Abstract
Objective The start-up phase of a clinical trial (CT) plays a vital role in execution of novel drug development. Hence, this study aims to identify the factors responsible for delaying the CT start-up phase. Further, it focuses on streamlining and reducing the cycle time of the start-up phase of newly sponsored CTs.
Methodology Thirteen sponsored CTs conducted (between 2016 and 2017) in clinical research department at King Fahad Medical City, Riyadh were analyzed to identify the data specific start-up metrics using Find an improvement area-Organize a team-Clarify current practices-Understand source of variation/problem-Select a Strategy-Plan-Do-Check-Act (FOCUS-PDCA) cycle. Five measures incorporated in the metrics were: date of initial contact with site to the signing of confidentiality agreement; date of receiving questionnaire from sponsor to date of its completion; time taken to review protocol and approve investigational drug service (IDS) form; time taken to review protocol and approve pharmacy and pathology and clinical laboratory medicine (PCLM) form and date of receipt of institutional review board (IRB) submission package to final IRB approval.

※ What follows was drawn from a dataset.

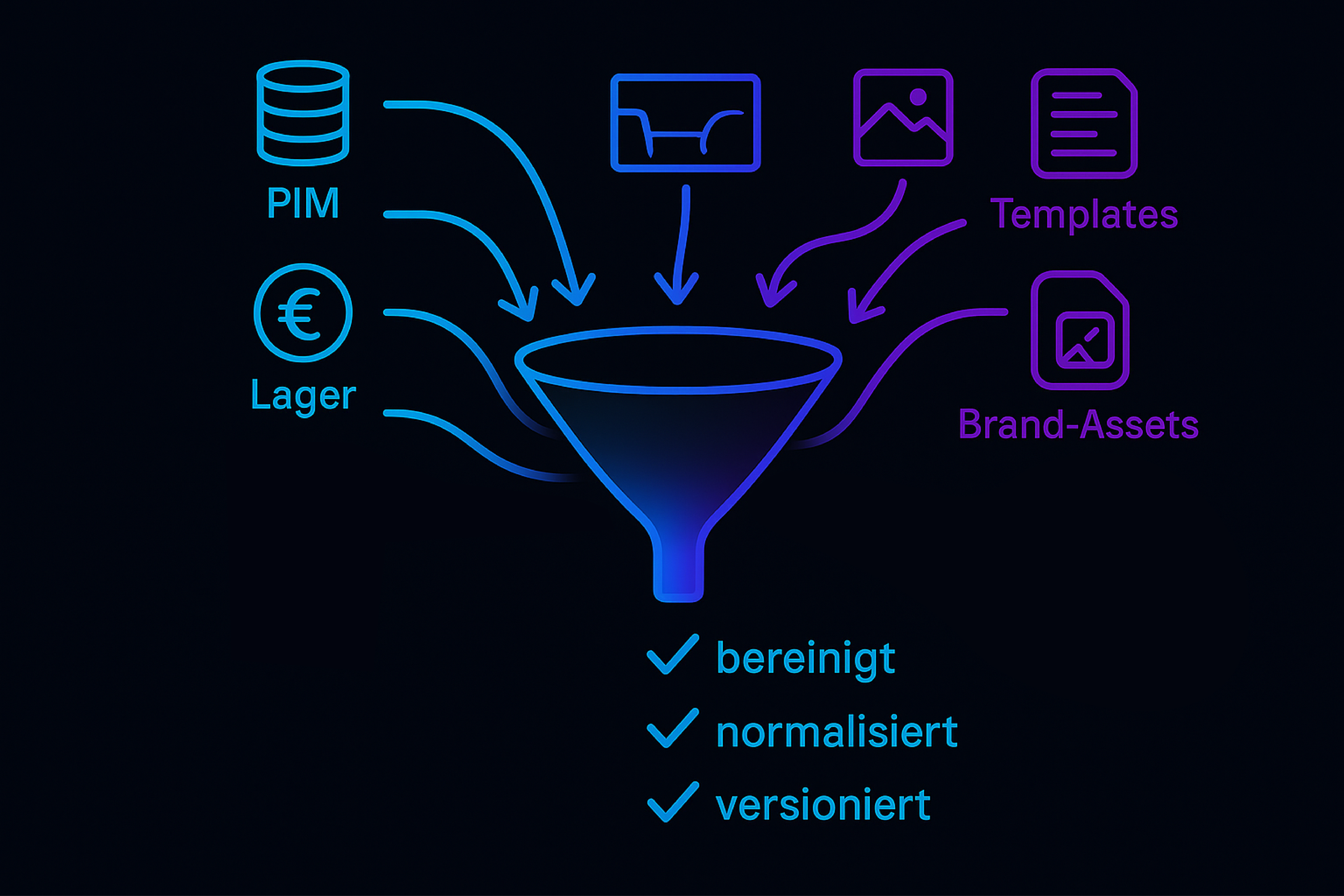 PIM, Preise, Lager, CRM-Signale, Brand-Assets und Templates werden bereinigt, normalisiert und versioniert.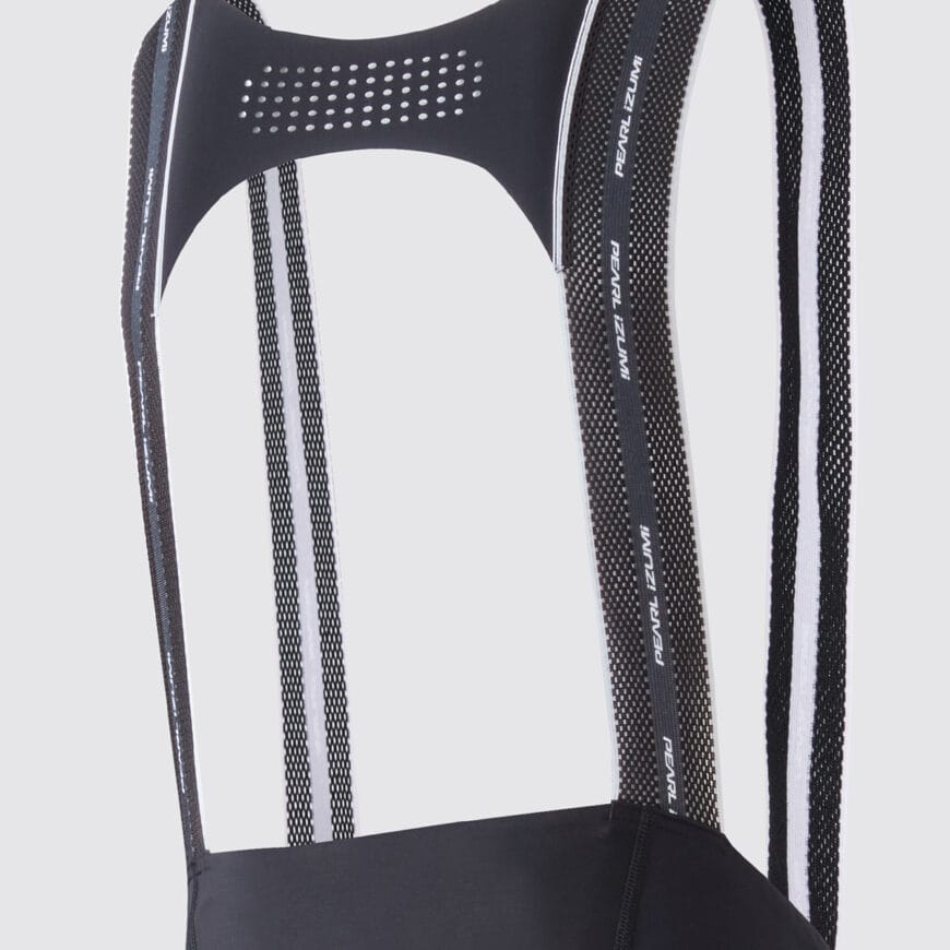 ジャージ身頃素材の通気性を活かす、メッシュに編み分けられたビブバンド

Fishbone analysis was used to understand the potential causes of process variation. Mean time was calculated for each metrics prior to and post implementation of the intervention protocol to analyze and compare percentage reduction in the mean cycle time of CTs.
Results Of the various potential factors of delay identified through Fishbone analysis, the two major ones were lack of well-defined timeline for approval and review of the study protocol; and inconsistent IRB meetings. Post introduction of the new intervention protocol, the entire CT lifecycle was reduced by 45.6% (24.8 weeks' vs 13 weeks, before and after intervention, respectively).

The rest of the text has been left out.